4. The optical monitor of claim 3, wherein the control system adjusts the transmitter to bring the optical power dissipation within the predetermined limits if the optical power dissipation is outside the predetermined limits.

5. The optical monitor of claim 4, wherein the control system stops operation of the transmitter if the optical power dissipation is outside the predetermined limits.

6. The optical monitor of claim 5, wherein the sensor senses the dissipation of optical power of the optical signal by sensing a return signal conducted into the transmitter.

7. The optical monitor of claim 6, wherein the sensor senses reflection losses present in the return signal, the reflection losses indicating the optical power dissipated by the optical signal.

8. The optical monitor of claim 7, wherein the sensor senses a component of the return signal contributed by a receiver receiving the optical signal and indicating optical power dissipation of the optical signal detected at the receiver.

9. The optical monitor of claim 8, wherein the sensor is an avalanche photodetector.

10. A receiver monitor for monitoring an optical signal received from an optical transmitter, comprising:

a receiver sensor for sensing the dissipation of optical power of the optical signal and producing a receiver sensing signal based on the sensed dissipation; and

a transmitter signaling device for transmitting an optical control signal to a transmitter producing the optical signal, the optical control signal being based on the receiver sensing signal and indicating whether the sensing signal indicates an improper dissipation of optical power.

11. The receiver monitor of claim 10, wherein the transmitter signaling device comprises a transmitter signaling controller and one or more light sources, the transmitter signaling controller being operative to select and operate a selected one of the light sources to transmit an appropriate optical control signal to the transmitter.

12. The receiver monitor of claim 11, wherein the transmitter signaling device is operative to send a normal operation signal to the transmitter when the receiver sensing signal indicates that the optical power dissipation of the optical signal falls within normal limits and wherein the transmitter signaling device is operative to stop sending the normal operation signal whenever the receiver sensing signal indicates that the optical power dissipation of the optical signal falls outside normal limits.

13. A method of optical transmitter control, comprising the steps of:

sensing the dissipation of optical power of an optical signal; and

controlling the transmitter based on the sensed dissipation.

14. The method of claim 13, wherein the step of adjusting the transmitter based on the sensed dissipation includes interpreting the sensing signal to determine whether the sensed dissipation falls outside normal limits and shutting off the transmitter if the sensed dissipation falls outside normal limits.

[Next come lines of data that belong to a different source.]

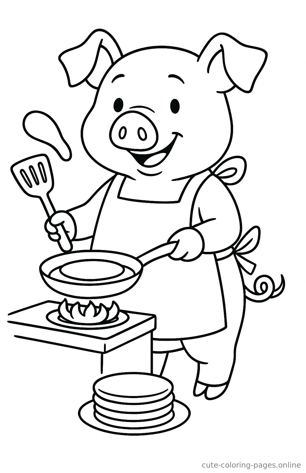 A cute pig chef making breakfast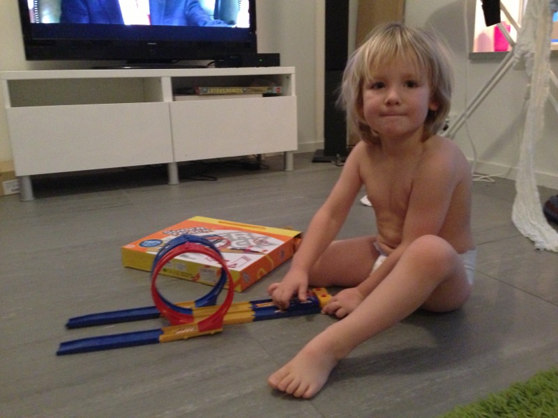 Didrik har byggt ihop en bilbana som han fick av tomten igår. Tyvärr gick den sönder innan han ens börjat leka med den. Efter fem minuters lek gick en viktig funktion sönder på den ena av de två banorna. Riktigt dåligt faktiskt. Men han är så positiv. ”Då får bara den ena bilen åka..”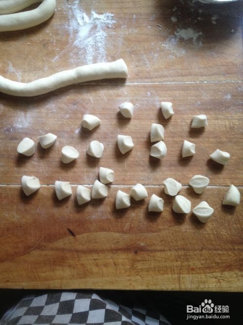 将搓好的条用刀切成约两公分的块,然后均匀的撒上面粉,并沿刀切的这一面用力摁下,这样包饺子的剂子就做好了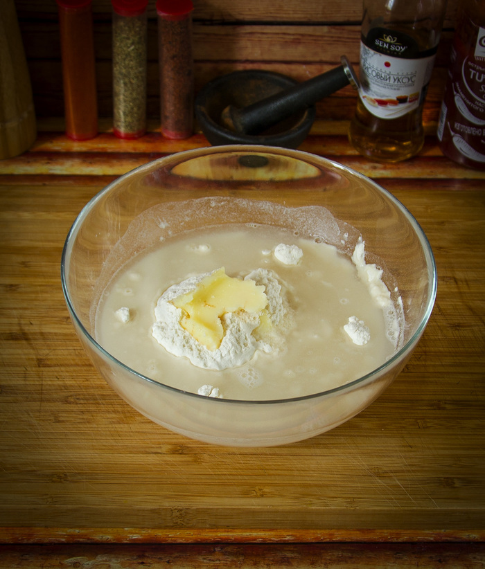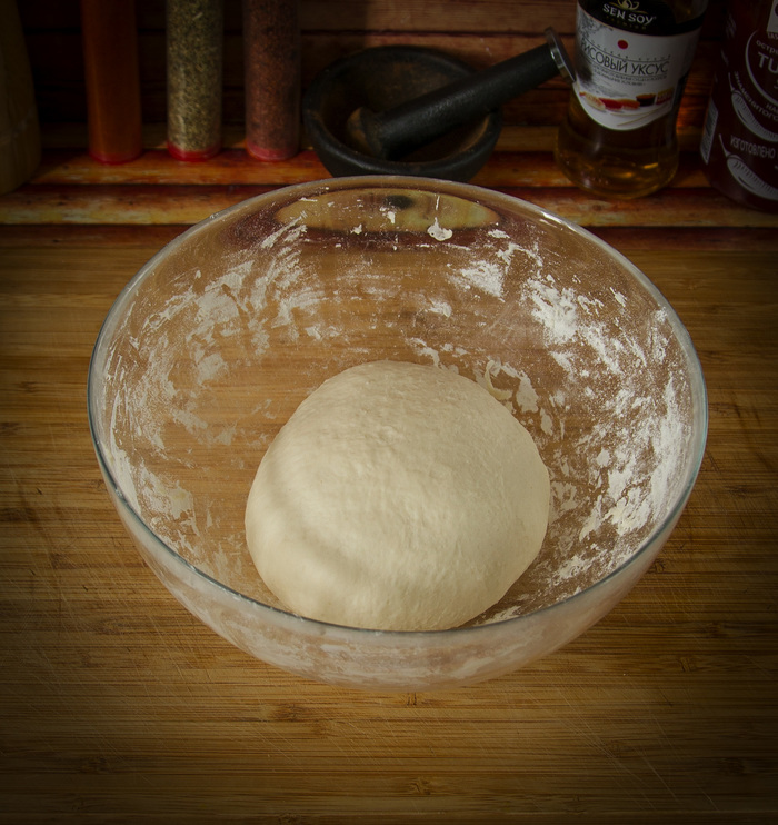 В рецепте я специально не дал точные граммовки, потому что они тут не важны. Если кажется, что тесто слишком жидкое - добавьте чуть муки, если слишком сухое - чуть воды. Идеальное тесто после замеса на ощупь напоминает очень мягкий ластик. Тесто накрываем пленкой и отправляем в холодильник отдохнуть минут на 20-30.

15. The method of claim 14, wherein sensing the dissipation of optical power of the optical signal includes sensing a return signal conducted into the transmitter from an optical cable.

16. The method of claim 15, wherein the return signal includes a component comprising reflections of the optical signal back into the transmitter along the optical cable and wherein an excessive level of reflection is interpreted as indicating improper dissipation of optical power.

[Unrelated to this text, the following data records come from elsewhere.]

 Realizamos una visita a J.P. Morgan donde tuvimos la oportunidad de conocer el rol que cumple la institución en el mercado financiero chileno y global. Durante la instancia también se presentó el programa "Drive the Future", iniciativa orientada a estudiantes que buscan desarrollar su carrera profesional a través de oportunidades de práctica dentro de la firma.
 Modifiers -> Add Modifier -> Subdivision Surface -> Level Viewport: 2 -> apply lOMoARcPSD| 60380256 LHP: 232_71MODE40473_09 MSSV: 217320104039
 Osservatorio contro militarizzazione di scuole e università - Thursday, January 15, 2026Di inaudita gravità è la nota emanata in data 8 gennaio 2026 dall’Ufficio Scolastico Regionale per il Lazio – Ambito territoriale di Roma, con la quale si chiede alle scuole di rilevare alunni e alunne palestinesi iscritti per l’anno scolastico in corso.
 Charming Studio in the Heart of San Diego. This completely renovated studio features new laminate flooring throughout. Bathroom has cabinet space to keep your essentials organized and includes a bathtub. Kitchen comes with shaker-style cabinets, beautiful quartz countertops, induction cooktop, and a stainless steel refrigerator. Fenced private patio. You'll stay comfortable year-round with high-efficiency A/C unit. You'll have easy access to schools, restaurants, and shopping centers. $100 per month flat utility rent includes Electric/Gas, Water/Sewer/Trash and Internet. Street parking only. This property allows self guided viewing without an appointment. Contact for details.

17. The method of claim 16, further comprising the steps of:

sensing the optical power dissipation of the optical signal at an optical receiver;

transmitting a control signal to the transmitter to adjust the transmitter based on the sensed dissipation at the receiver.

18. The method of claim 17, wherein the control signal includes a component indicating normal operation when the receiver sensing signal indicates that the optical power dissipation of the optical signal is within normal limits.

19. The method of claim 18, wherein the control signal does not include a component indicating normal operation when the receiver sensing signal indicates that the optical power dissipation of the optical signal falls outside normal limits.

20. The method of claim 20, wherein the control signal includes a component indicating abnormal operation when the receiver sensing signal indicates that the optical power dissipation of the optical signal falls outside normal limits.